Consecuencias de la represión y el futuro de las protestas

La violencia estatal ha dejado, al menos, 45 personas fallecidas —incluidos ocho menores de edad— y cientos de heridos en los primeros doce días de protestas, según la organización Iran Human Rights con sede en Oslo. Sin embargo, la represión no ha logrado apagar el movimiento, que continúa adaptándose y buscando nuevas formas de organización y comunicación.

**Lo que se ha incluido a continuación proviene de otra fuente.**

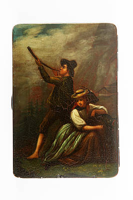 Rechteckige Dose mit einer Schäferszene in den Schweizer Bergen. Bergweide mit junger, rastender Schäferin mit Strohhut und Ziege sowie junger, barfüßiger Hirt mit Horn beim Ruf der Herde. Malerei vermutlich nach einer Vorlage von Eugène Giraud (1806-1881).

En un contexto de crisis económica y presión internacional, la capacidad de las mujeres iraníes para burlar la censura y mantener viva la protesta demuestra la importancia de la tecnología y la solidaridad en la defensa de los derechos humanos. Su ejemplo resuena más allá de las fronteras de Irán, mostrando que, incluso en los entornos más hostiles, la resistencia es posible.

Nota:

Los contenidos publicados en este sitio han sido generados y/o reelaborados mediante el uso de herramientas de inteligencia artificial.

elpuebloinforma.com declina toda responsabilidad, directa o indirecta, por eventuales errores, inexactitudes, omisiones u otras irregularidades presentes en los textos.

El usuario reconoce que dichos contenidos tienen exclusivamente fines informativos y no pueden sustituir en ningún caso fuentes oficiales ni asesoramientos profesionales.